RECORDS FOR PROCESSING>
——

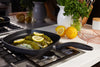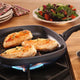 The cookware's pressure-cast aluminum construction provides for uniform heat distribution with no hot spots or warping - even if the pan is placed under cold running water right off the stove. Each piece has a perfectly flat base for use on any ceramic, gas or electric cooktop (induction series also available.)
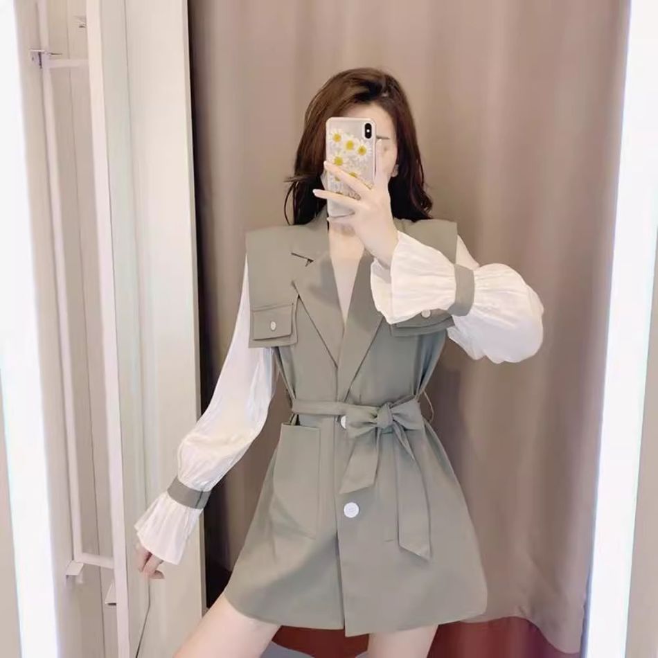 ROSEMAYR廠商寄賣-K4388韓系 氣質女神拼接荷葉袖假兩件洋裝/襯衫 (瑕疵)
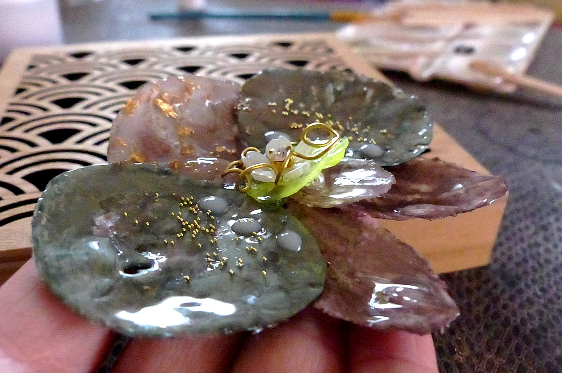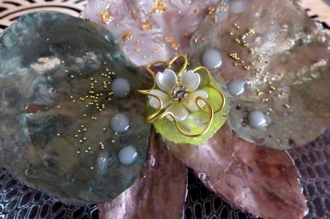 Au centre petite fleurette rajoutée et fil de laiton doré. Quelques goutes blanches pour fantaisie supplémentaire. Feuille d'or incrustée ainsi que micros billes de verre dorées.
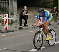 Gustav Larsson com o maillot da Suécia de contrarrelógio.
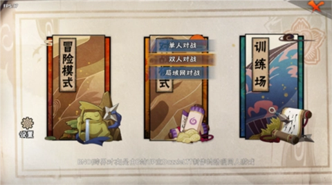 1、首先进入游戏后,玩家会看到三种不同的模式,分别是冒险模式、对战模式和训练模式。
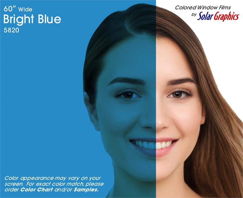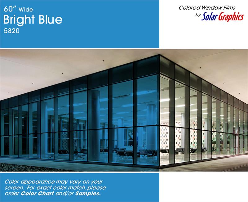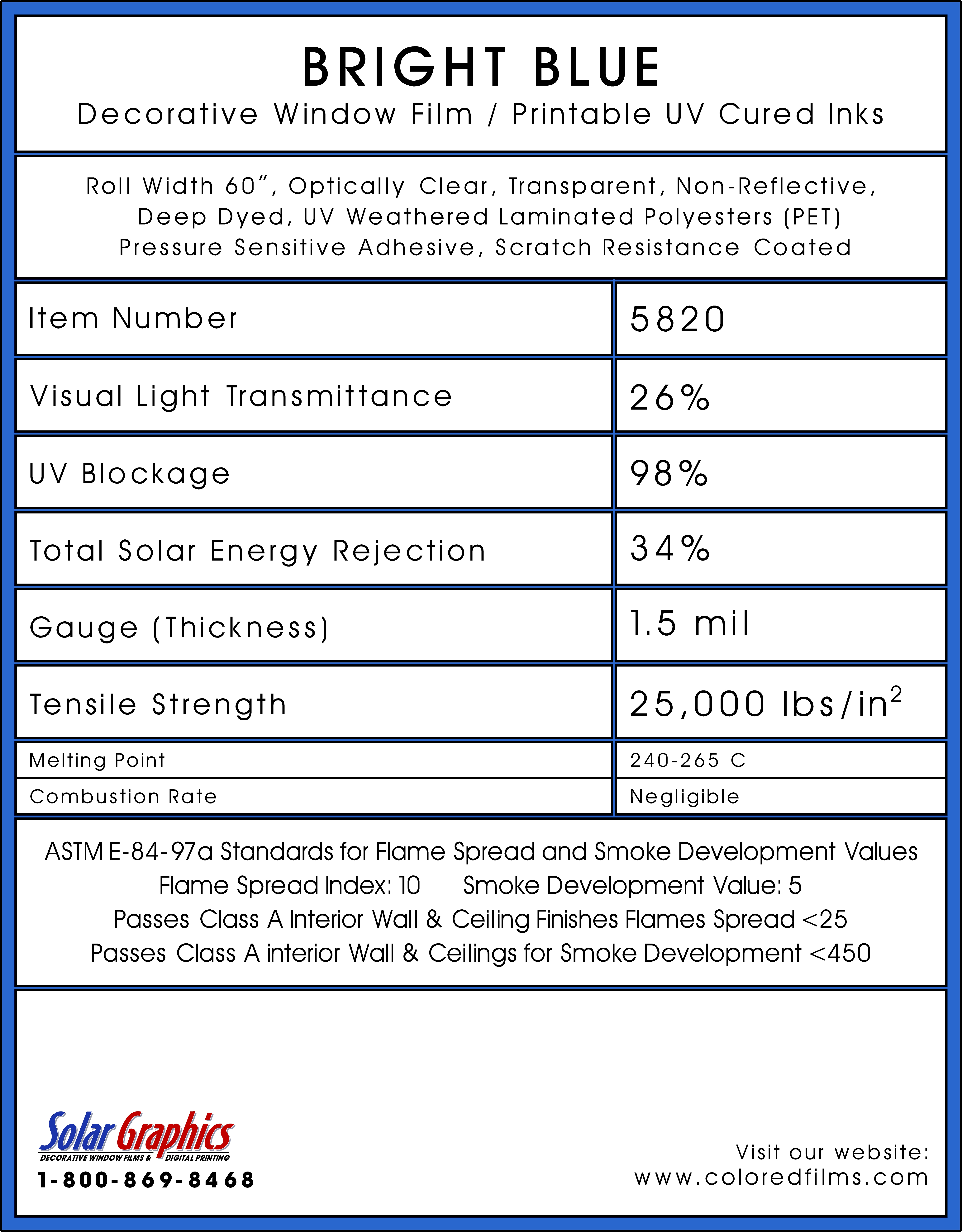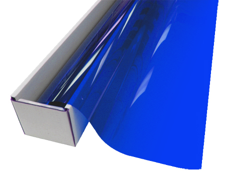 Bright Blue .... Visual Light Transmittance 26% | Total Solar Energy Rejection 34% --------------------------------------------------------------------------- Transparent | Non-Reflective | UV Weathered Deep Dyed Polyester | Pressure Sensitive | Scratch Coated
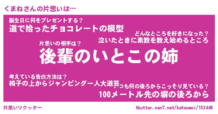 | 自動車の名前っぽいあだ名 | 『クマティマ』『クスラー』『クント』 |
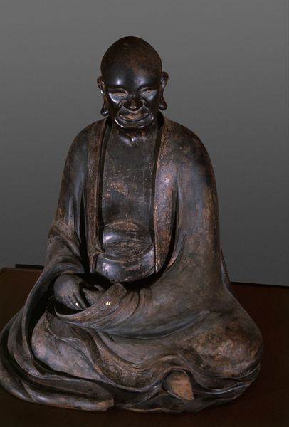 Holding his left hand palm up in his lap and extending his right hand to touch the ground before him, this Burmese image of the historical buddha, Shakyamuni, makes a gesture known as bhumisparsha-mudra, or “calling the earth to witness.” It is a depiction of the moment immediately after his enlightenment. While meditating, the Buddha was bombarded by an army of demons sent by Mara, but he was able to overcome these distractions and achieve enlightenment. Mara tried to claim the Buddha’s enlightenment as his own, with the demon hoards as his witnesses, but the Buddha, reaching out his right hand to touch the ground before him, called upon the earth itself to bear witness to this achievement. Depictions of this moment in the Buddha’s life are particularly common in Southeast Asia, including Myanmar and Thailand, whereas they are rarely seen in East Asian cultures like China and Japan.
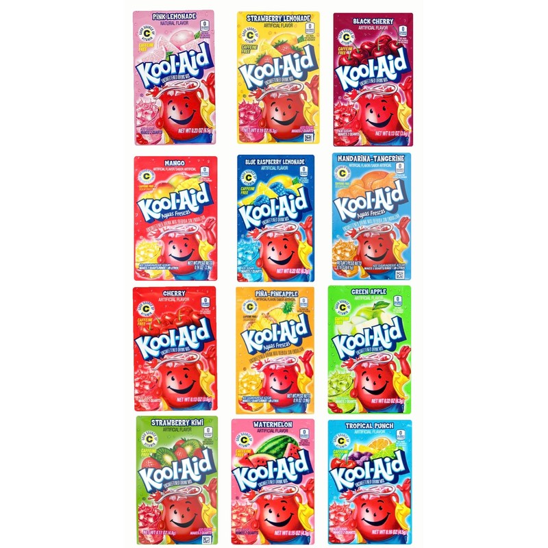 - VARIETY PACK: Contains 12 sachets of randomly selected Kool-Aid drink mix flavours, including popular options like Cherry, Tropical Punch, and Strawberry
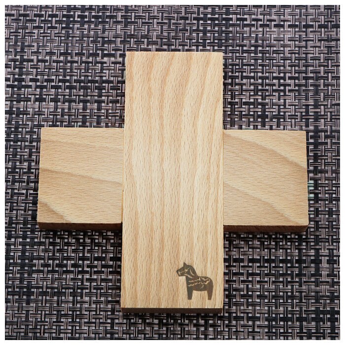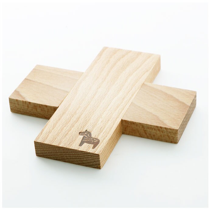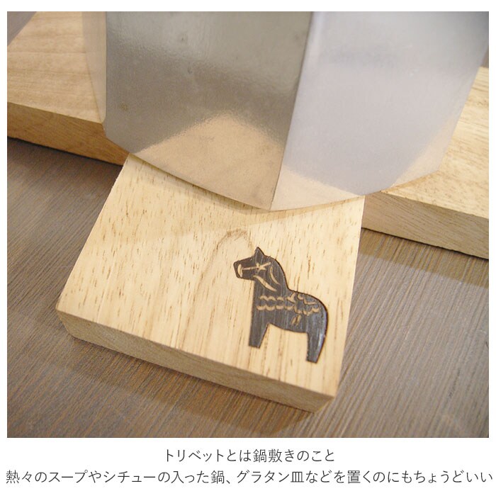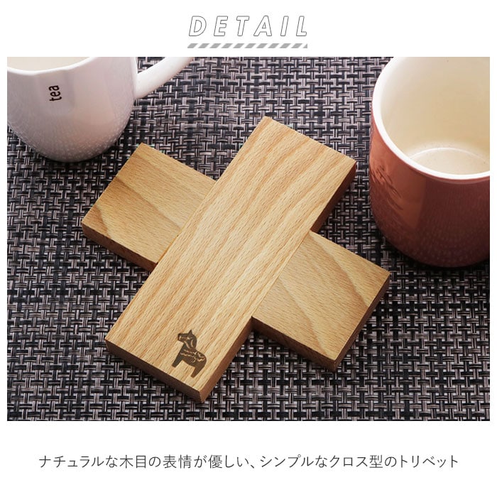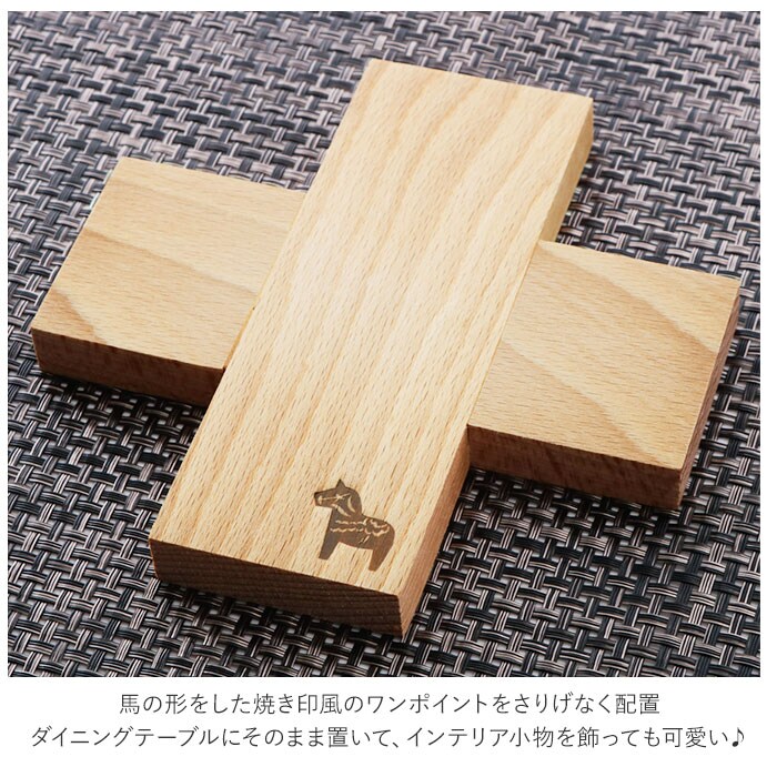 | 商品説明 | ナチュラルな木目の表情が優しい、シンプルなクロス型のトリベット。トリベットとは鍋敷きのこと。熱々のスープやシチューの入った鍋、グラタン皿などを置くのにもちょうどいい。ひとつひとつ表情の異なるブナ材を使用。使い込むほどに素材の色合いが深みを増して、木の温もりが感じられるのも魅力。小ぶりなサイズ感なので、鍋敷きとしてだけでなくコーヒーポットやティーポットなどを置けば、おもてなし用にも大活躍。馬を象った焼き印風のワンポイントをさりげなく配置。ダイニングテーブルにそのまま置いて、インテリア小物を飾っても可愛い♪ |
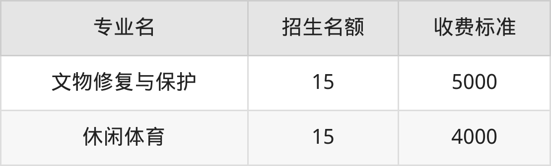 | 专科高职批 | 休闲体育 | 15 |
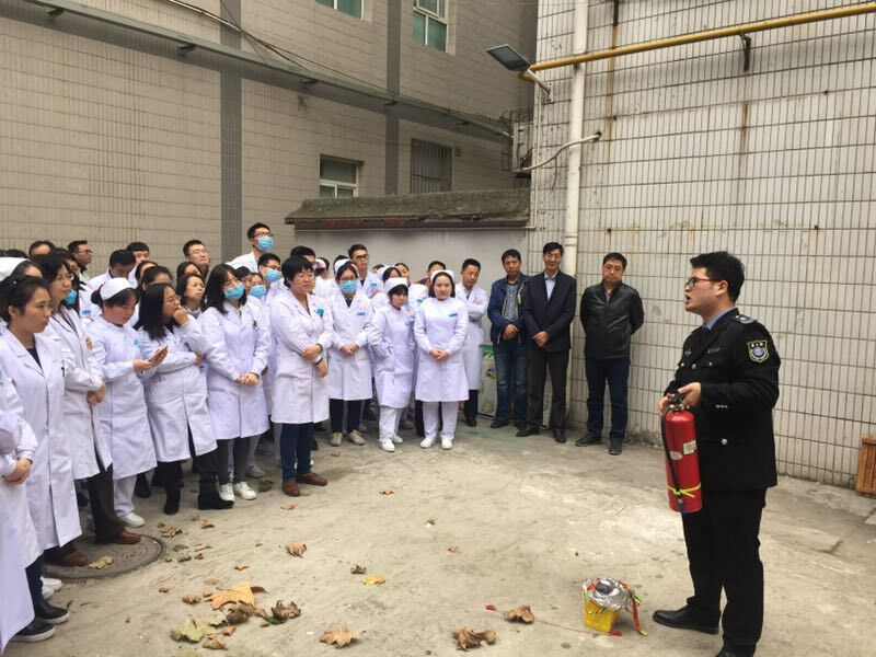 职工的消防安全意识及火灾应急处置能力,响应“119全国消防日.关注消防.平安你我”的号召。2017年11月9日下午,我院保卫科组织了一次实战消防演练。院领导班子及临床科室医护人员、行政科室职工共计200余人参加了此次演练。
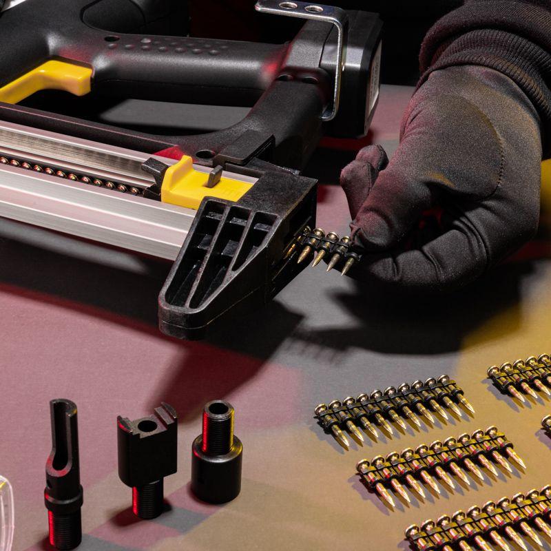 Гвоздезабивной газовый пистолет предназначен для быстрого монтажа крепежных изделий к бетонным поверхностям, кирпичной кладе и изделиям из металлопроката.
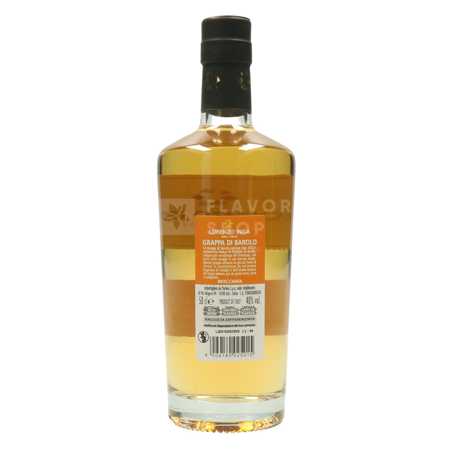 De Barolo Grappa van Lorenzo Inga is een meesterwerk van ambacht en traditie. Gemaakt van de most van de Nebbiolo-druif, afkomstig uit de beroemde wijnregio rond Alba, Barolo en Barbaresco – het kloppende hart van de Piemontese wijncultuur.
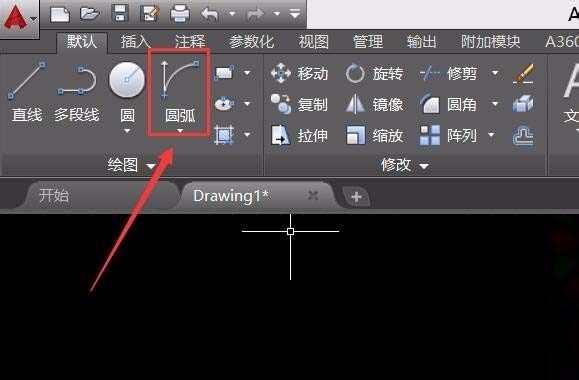 4、绘制好门轴之后我们在再找到圆弧选项,如图所示:

——

I would like the data copied exactly as it stands, with no pictures included.

 The cookware's pressure-cast aluminum construction provides for uniform heat distribution with no hot spots or warping - even if the pan is placed under cold running water right off the stove. Each piece has a perfectly flat base for use on any ceramic, gas or electric cooktop (induction series also available.)
 ROSEMAYR廠商寄賣-K4388韓系 氣質女神拼接荷葉袖假兩件洋裝/襯衫 (瑕疵)
 Au centre petite fleurette rajoutée et fil de laiton doré. Quelques goutes blanches pour fantaisie supplémentaire. Feuille d'or incrustée ainsi que micros billes de verre dorées.
 Gustav Larsson com o maillot da Suécia de contrarrelógio.
 1、首先进入游戏后,玩家会看到三种不同的模式,分别是冒险模式、对战模式和训练模式。
 Bright Blue .... Visual Light Transmittance 26% | Total Solar Energy Rejection 34% --------------------------------------------------------------------------- Transparent | Non-Reflective | UV Weathered Deep Dyed Polyester | Pressure Sensitive | Scratch Coated
 | 自動車の名前っぽいあだ名 | 『クマティマ』『クスラー』『クント』 |
 Holding his left hand palm up in his lap and extending his right hand to touch the ground before him, this Burmese image of the historical buddha, Shakyamuni, makes a gesture known as bhumisparsha-mudra, or “calling the earth to witness.” It is a depiction of the moment immediately after his enlightenment. While meditating, the Buddha was bombarded by an army of demons sent by Mara, but he was able to overcome these distractions and achieve enlightenment. Mara tried to claim the Buddha’s enlightenment as his own, with the demon hoards as his witnesses, but the Buddha, reaching out his right hand to touch the ground before him, called upon the earth itself to bear witness to this achievement. Depictions of this moment in the Buddha’s life are particularly common in Southeast Asia, including Myanmar and Thailand, whereas they are rarely seen in East Asian cultures like China and Japan.
 - VARIETY PACK: Contains 12 sachets of randomly selected Kool-Aid drink mix flavours, including popular options like Cherry, Tropical Punch, and Strawberry
 | 商品説明 | ナチュラルな木目の表情が優しい、シンプルなクロス型のトリベット。トリベットとは鍋敷きのこと。熱々のスープやシチューの入った鍋、グラタン皿などを置くのにもちょうどいい。ひとつひとつ表情の異なるブナ材を使用。使い込むほどに素材の色合いが深みを増して、木の温もりが感じられるのも魅力。小ぶりなサイズ感なので、鍋敷きとしてだけでなくコーヒーポットやティーポットなどを置けば、おもてなし用にも大活躍。馬を象った焼き印風のワンポイントをさりげなく配置。ダイニングテーブルにそのまま置いて、インテリア小物を飾っても可愛い♪ |
 | 专科高职批 | 休闲体育 | 15 |
 职工的消防安全意识及火灾应急处置能力,响应“119全国消防日.关注消防.平安你我”的号召。2017年11月9日下午,我院保卫科组织了一次实战消防演练。院领导班子及临床科室医护人员、行政科室职工共计200余人参加了此次演练。
 Гвоздезабивной газовый пистолет предназначен для быстрого монтажа крепежных изделий к бетонным поверхностям, кирпичной кладе и изделиям из металлопроката.
 De Barolo Grappa van Lorenzo Inga is een meesterwerk van ambacht en traditie. Gemaakt van de most van de Nebbiolo-druif, afkomstig uit de beroemde wijnregio rond Alba, Barolo en Barbaresco – het kloppende hart van de Piemontese wijncultuur.
 4、绘制好门轴之后我们在再找到圆弧选项,如图所示:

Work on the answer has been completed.